Agricultural environmental impacts are generally associated with either expansion of the land base or increased intensification. The bulk of future expansion of the agricultural land base is expected to be in Latin America and Africa. Most land base expansion is associated with cropping systems, however, ruminant (sheep, goats, cattle) production systems contribute to this expansion because animal grazing is often the first step in conversion of land supporting natural ecosystems, with conversion to crop land occurring thereafter. Grasslands for grazing ruminants represent 3.38 billion hectares, more than 26 per cent of the Earth’' available land base [10]. Current expansion is generally associated with tropical regions of the world [11]; however, recent climate change models suggest that expansion into boreal fringes will be feasible in the future.

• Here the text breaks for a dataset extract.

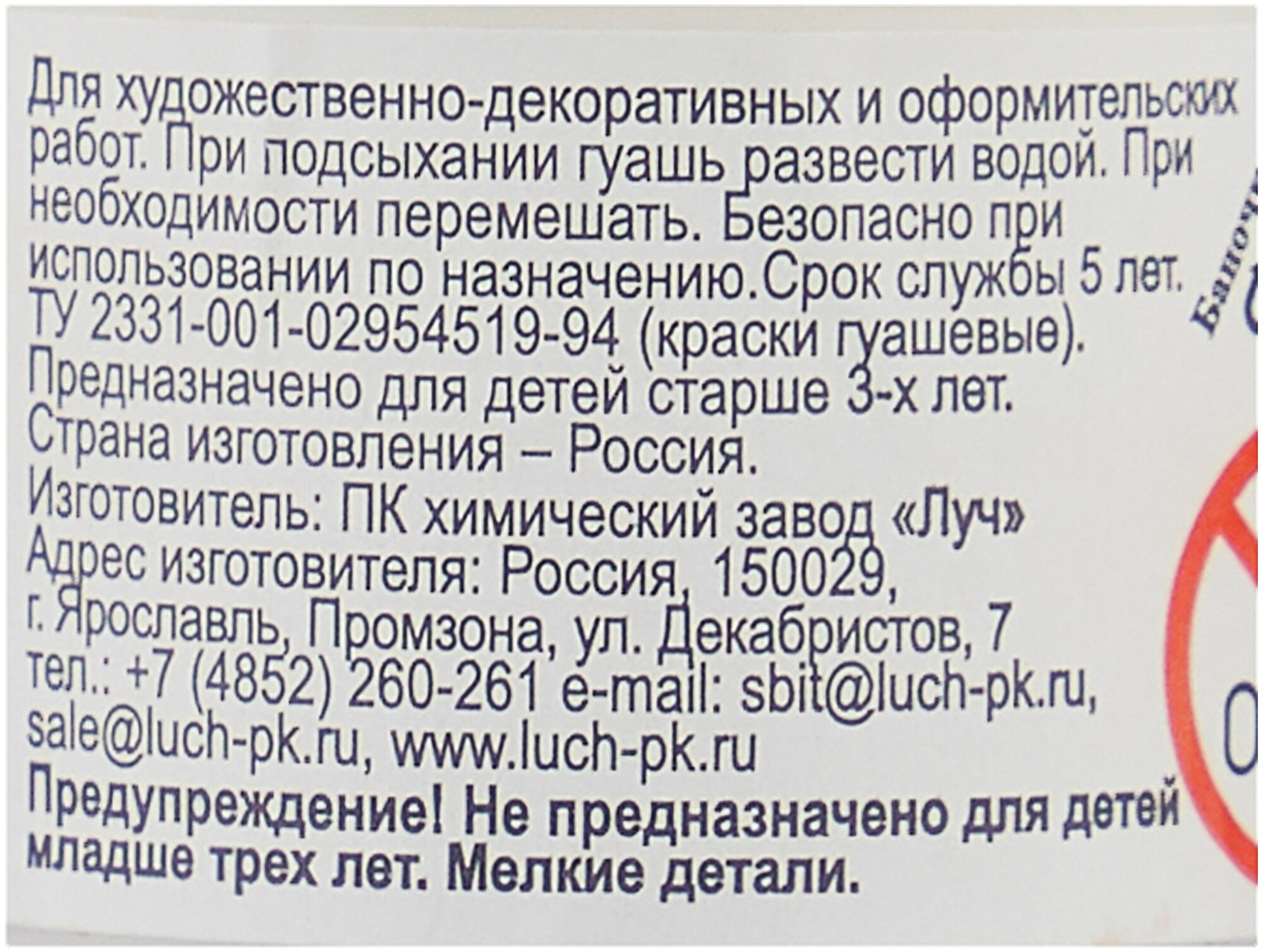 Гуашь «Луч», 20 мл, белила титановые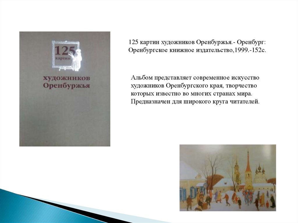 125 картин художников Оренбуржья.- Оренбург:Оренбургское книжное издательство,1999.-152с.

Intensification of animal agriculture refers to either an increased output per unit of land or the application of technology to increase meat output relative to water, nutrient, energy and labour inputs. Characteristics of intensification include increased management and monitoring inputs as well as increased use of technologies to achieve better efficiencies of production, consistency of desired product quality and reduced waste. Intensification has allowed more rapid improvement in animal genetics, feeding practices and animal health care, leading to an improvement in nutrient and water utilisation in the feedlot or barn. When intensification is evaluated at a systems level, intensive animal agriculture has been associated increased dependence on concentrate feeds (i.e. feed grains, plant protein meals), which has impact on nutrient cycling, water use and biodiversity in the total agriculture system.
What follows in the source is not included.